Ilustrasi Prajurit TNI -- Antara
FAJAR.CO.ID, TEL AVIV -- Dinas Rahasia Israel, Mossad menyoroti rencana Pemerintah Indonesia untuk mengirim prajurit TNI ke Gaza, Palestina. Dalam akun resminya di media sosial X, Mossad dengan tegas menyatakan bahwa mandat pasukan internasional adalah melucuti senjata Hamas.
"Tidak ada pasukan internasional yang boleh memasuki Gaza kecuali mandat utamanya adalah melucuti senjata Hamas," begitu bunyi pernyataan Mossad di akun media sosialnya dikutip, Selasa (10/2).
Dia menegaskan, selain mandat melucuti senjata Hamas, Mossad menyatakan bahwa keberadaan pasukan internasional berisiko mengulangi bencana UNIFIL di Lebanon.
"Para pengamat menyaksikan teroris mempersenjatai diri kembali. Pasukan penjaga perdamaian menjadi perisai manusia, kelompok teroris semakin kuat di bawah situasi stabil," tambahnya.

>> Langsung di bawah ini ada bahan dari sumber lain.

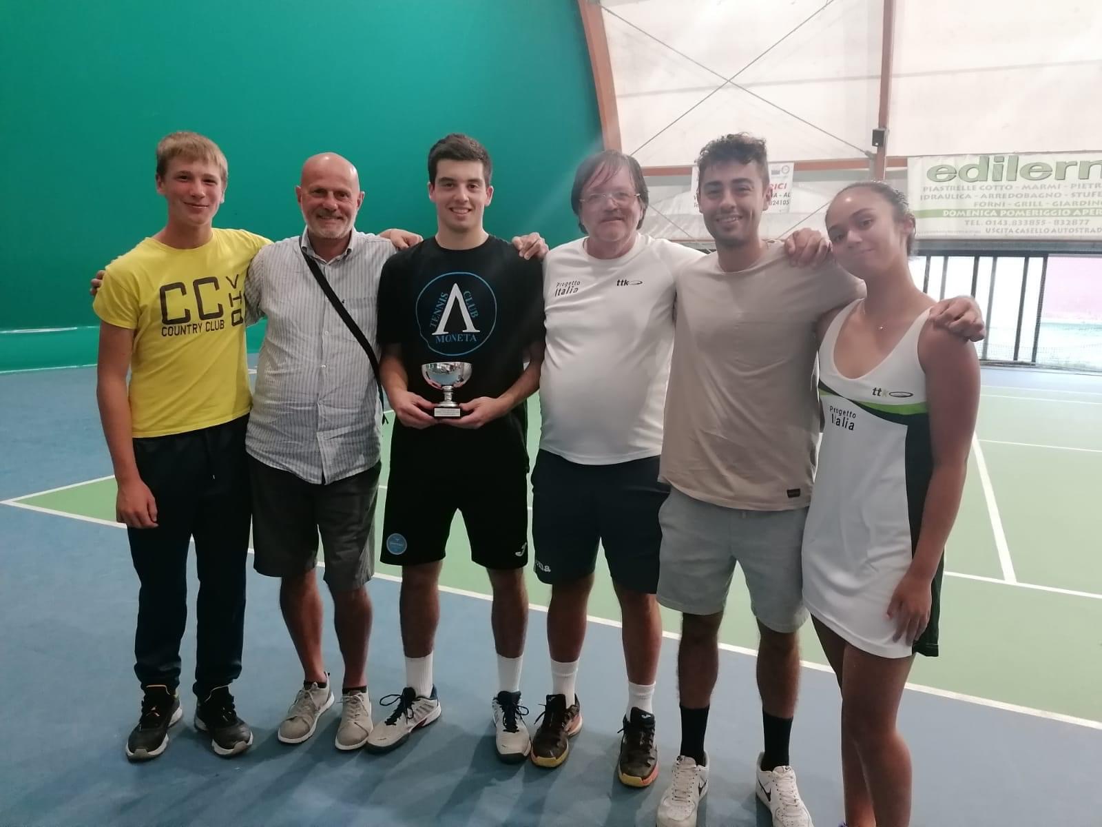 Nel singolare maschile, con 36 partecipanti, i pronostici della vigilia sono stati rispettati con il trionfo della prima testa di serie Luigi Corrias (2.5 TC Moneta 2001), di chiare origini sarde, che ha sbaragliato la concorrenza giocando un tennis di qualità che ben si sposa sulle superfici veloci. Partito direttamente dalla semifinale ha sfidato dapprima Luca Turco (3.2 Stecat). L’istruttore acquese, con un passato da 2.7, ha espresso un tennis di alto livello come non si vedeva da ormai qualche anno prendendosi lo scalpo di eliminare alcuni giocatori ben quotati e con una classifica superiore alla sua. Corrias però non si è fatto intimorire giocando con grande attenzione ed intelligenza i punti importanti e riuscendo a portare a casa il match con un doppio 6/4. In finale ha incrociato la racchetta dell’idolo di casa Filippo Apolito (2.6 Derthona), nonchè seconda testa di seria, dando vita ad un bellissimo incontro che ha appassionato il pubblico corso in massa per sostenere il proprio compaesano. Nel primo set la tensione è palpabile in Apolito e Corrias vince la frazione con eloquente 6/0 frutto anche di un tennis che rasenta la perfezione. Al contrario il secondo set è stato giocato punto su punto con break da ambo le parti e giunti al tiebreak la maggior freddezza di Corrias è stata determinante chiudendo con un bel vincente.
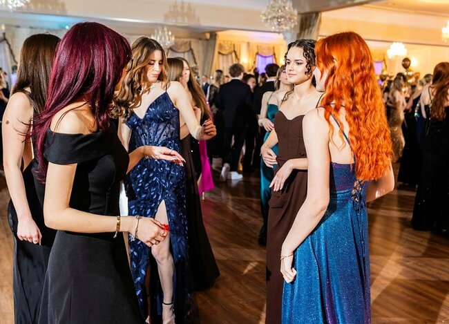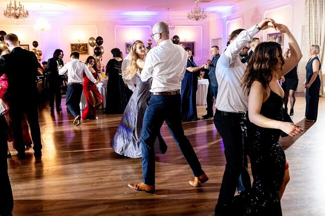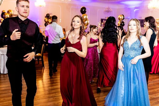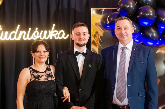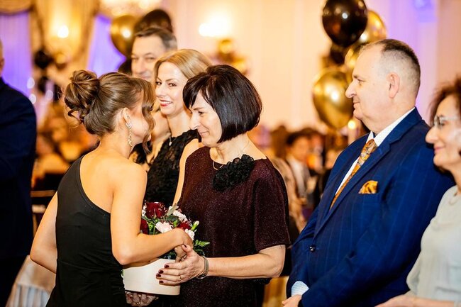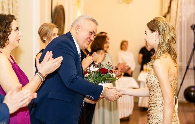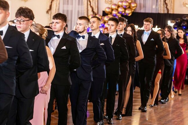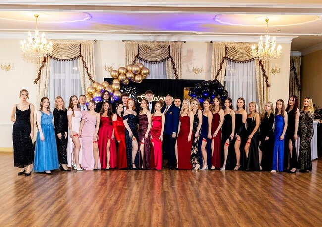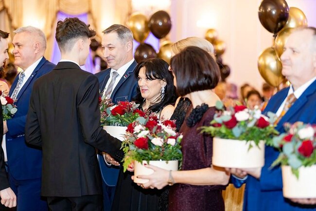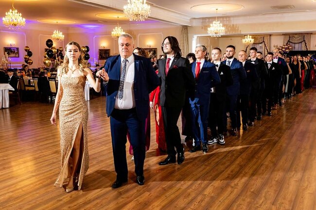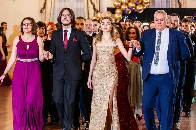 Kulminacyjnym momentem tej części wieczoru był tradycyjny polonez, poprowadzony przez dyrektora szkoły, Pana Dariusza Jana Betschera, który w ten sposób oficjalnie otworzył Bal Studniówkowy 2026. Taniec ten, pełen elegancji i dostojności, wprowadził wszystkich w podniosły nastrój uroczystości.
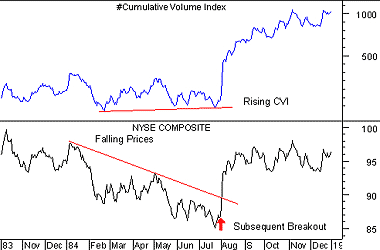 One useful method of interpreting the CVI is to look at its overall trend. The CVI shows whether there has been more up-volume or down-volume and how long the current volume trend has been in place. Also, look for divergences that develop between the CVI and a market index. For example, is the market index making a new high while the CVI fails to reach new highs? If so, it is probable that the market will correct to confirm the underlying story told by the CVI.
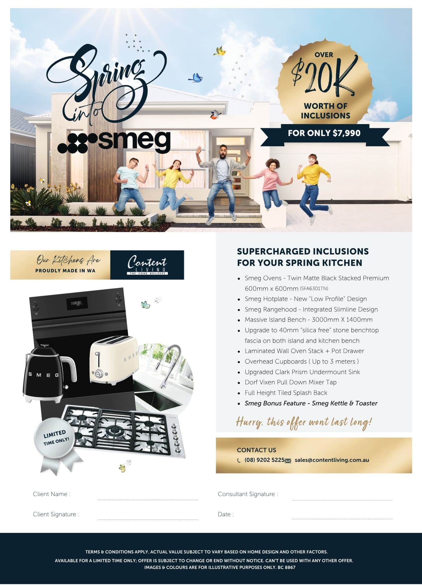 CONTENT LIVING loves a great kitchen! (we all do right?) We are pleased to offer the new “Spring into Smeg” promotion featuring SUPERCHARGED INCLUSIONS FOR YOUR KITCHEN to really take your new Content Living home to the next level, all for $7,990* – Hurry, Limited Time Only!
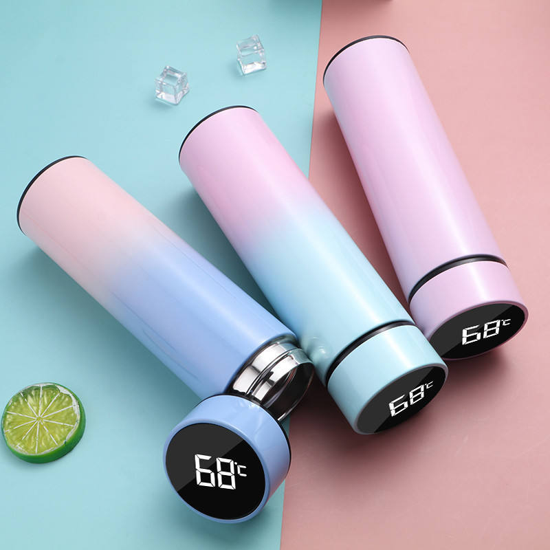 Gradient Color 500ml Vacuum Thermos Flasks Water Bottles Led Screen Panel Touch Thermos with Infuser Temperature Display
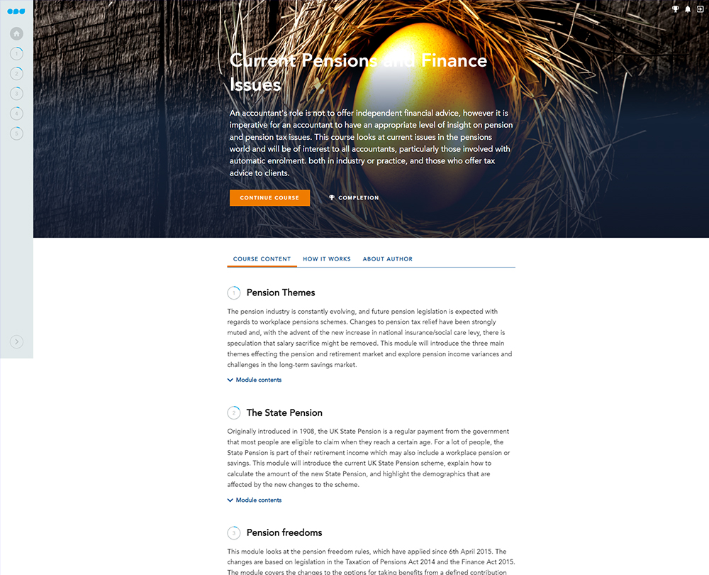 This course will get you up to speed with recent changes, as well as serving as a roadmap for upcoming developments. You will learn about automatic enrolment and the various allowances linked to pension contributions, and you will be able to advise on available reliefs. Having completed this course, you will be able to confidently provide assistance on a subject that’s on everyone’s minds.
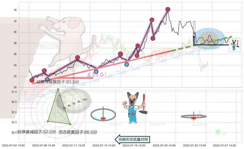 ➢ 2022-05-25 10:00-2022-07-08 14:00上升趋势存在反转[风险],虽然原上升趋势的支撑位(29.17)已破位,但其支撑效果尚存,原上升趋势角度: 35.0˚
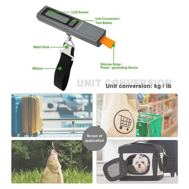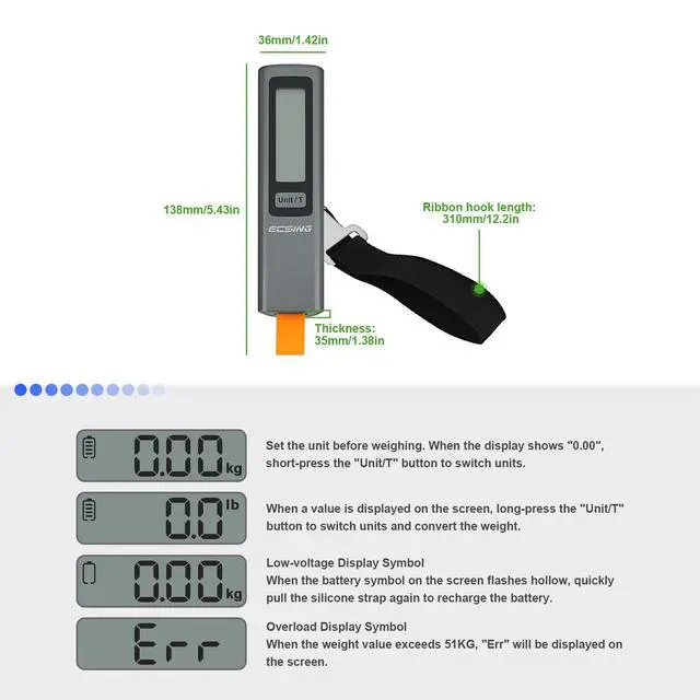 EASY TO USEJust quickly stretch the orange belt about 8 times,lighting up the clear LCD display in seconds for accurate readings without any startup delay.press the U/T button to convert the unit lb/kg.Accurate measurement, Unit conversion, Overload warning, Tare function so you never pay excess baggage fees again!
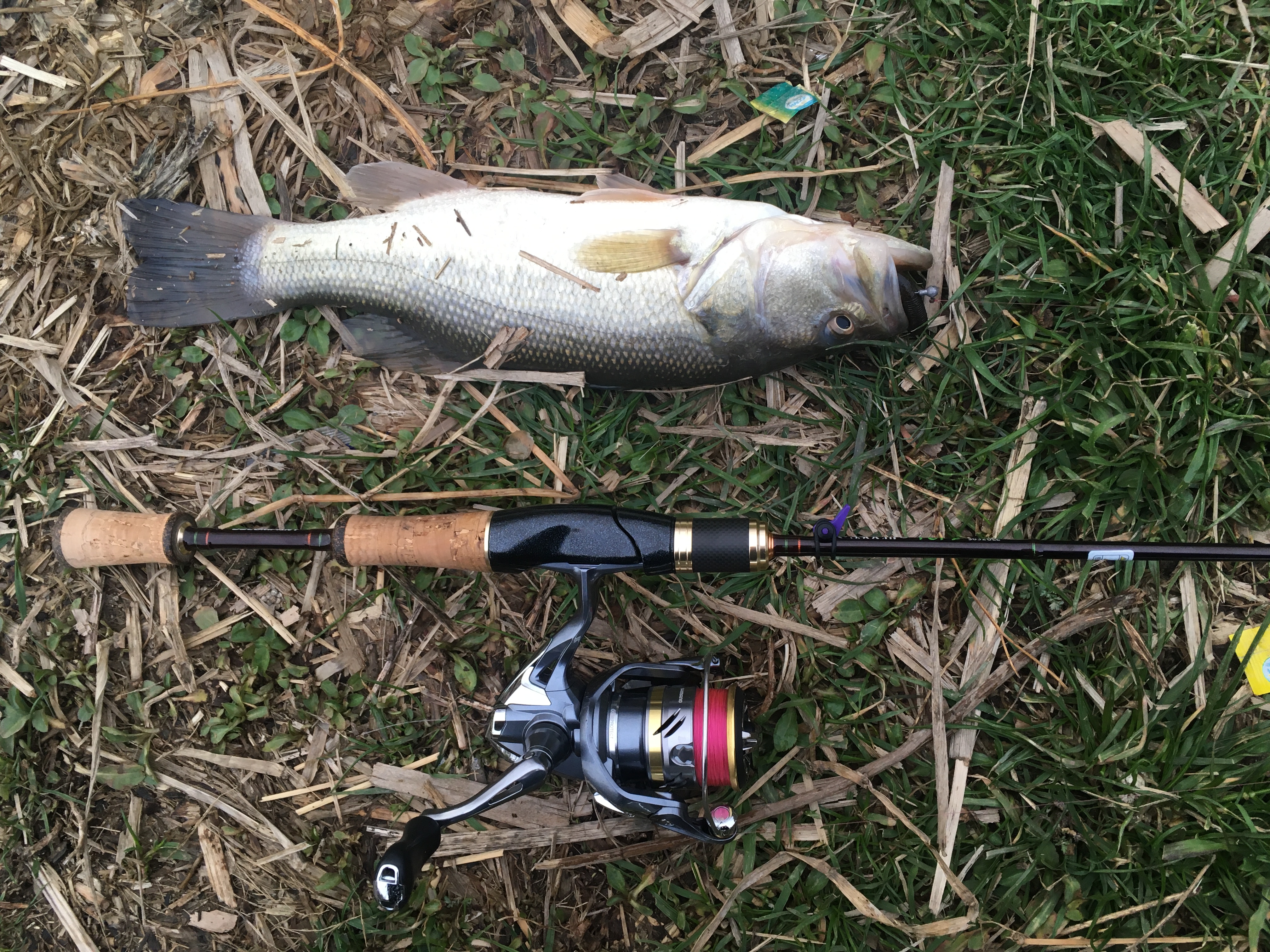 발 앞 수초 부근에서 토톡하는 약한 입질 후 잠시 스테이를 주니 라인이 옆으로 흐르길래 힘차게 훅셋하였습니다.

Tuding hanya Lindungi Teroris
Mossad juga menyinggung sikap Hamas selama ini yakni tidak akan bersedia dilucuti senjatanya, tetapi mempersenjatai dirinya kembali, merekrut anggota, hingga memperketat kendali atas kehidupan sipil.
Dia menegaskan, tidak dapat membangun perdamaian di atas rezim jihadis bersenjata yang tujuan nyatanya adalah penghancuran Israel.
"Menjaga perdamaian tanpa perlucutan senjata bukanlah menjaga perdamaian. Ini adalah perlindungan bagi teroris. Tidak satu pun pasukan darat yang menginjakkan kaki di Gaza tanpa perlunya pelucutan senjata Hamas," tandasnya.
Indonesia Sudah Siapkan Prajurit
Sebelumnya, pemerintah Indonesia memastikan kesiapan pengiriman prajurit TNI ke Gaza, Palestina.